_TASK DETAILS_
Exclude pictures and give again exactly the lines of the listing, beginning with its first line and ending with the one that contains "Issuing a press".

_DATA PROVIDED_
%%

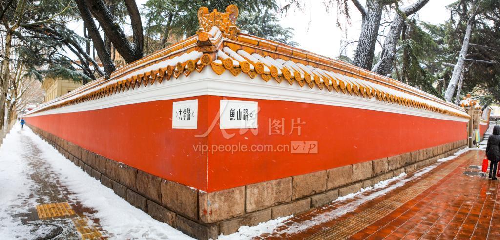 2月15日,青岛普降瑞雪,城区内银装素裹,展现一幅幅雪后美景。图为雪后的大学路和鱼山路路口,这里是青岛著名的网红打卡地。
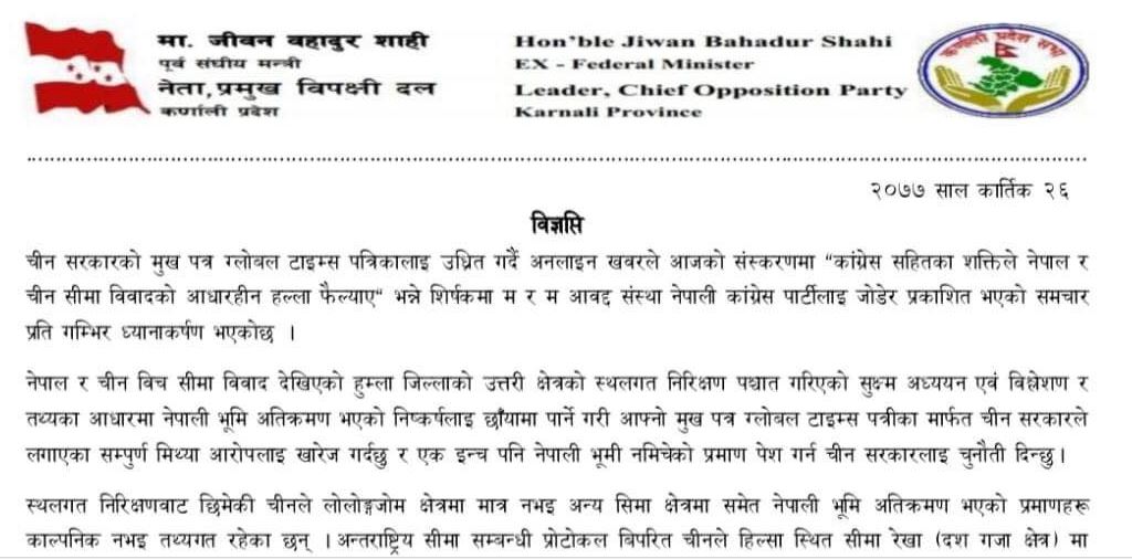Issuing a press note, chief opposition party leader Shahi said he and his party Nepali Congress have been concerned with the news disseminated by The Global Times in which the China government has labeled the conclusion of the field report on the Nepal-China border dispute carried out by the NC team as baseless.
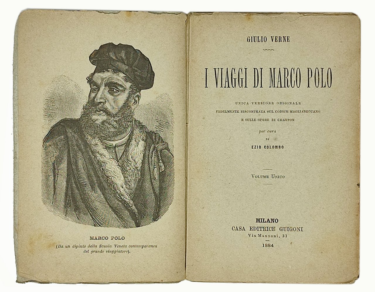 G. VERNE 'I VIAGGI DI MARCO POLO' unica versione originale fedelmente riscontrata sul codice magliabeccano e sulle opere di Charton per cura di EZIO COLOMBO. Volume Unico. Milano, Casa Editrice Guigoni. 108 pagine. Dimensioni: in-32 (10,5 x 16 cm circa).; Stato di conservazione: qualche leggero ingiallimento, una piccola e marginale mancanza (sul brodo bianco superiore) di pagina 5-6, una piccola mancanza sull'angolo superiore dei 2 fogli che contengono le 4 pagine 51-54 (mancanza che coinvolge una parte dell'indicazione del numero della pagina ma non riguarda il testo), una piccola rottura (quasi insignificante) su pagina 73-74 (si veda la foto numero), tagli sul dorso ma, nel complesso, un esemplare abbastanza ben conservato. Oltre al ritratto di Marco Polo in anteporta, è presente, nel testo, una tavola illustrata a piena pagina in nero. Edizione di difficilissimo reperimento in commercio di un classico (per altro poco noto) di Verne. Da collezione.

%%

_ANSWER BOX_
 2月15日,青岛普降瑞雪,城区内银装素裹,展现一幅幅雪后美景。图为雪后的大学路和鱼山路路口,这里是青岛著名的网红打卡地。
Issuing a press note, chief opposition party leader Shahi said he and his party Nepali Congress have been concerned with the news disseminated by The Global Times in which the China government has labeled the conclusion of the field report on the Nepal-China border dispute carried out by the NC team as baseless.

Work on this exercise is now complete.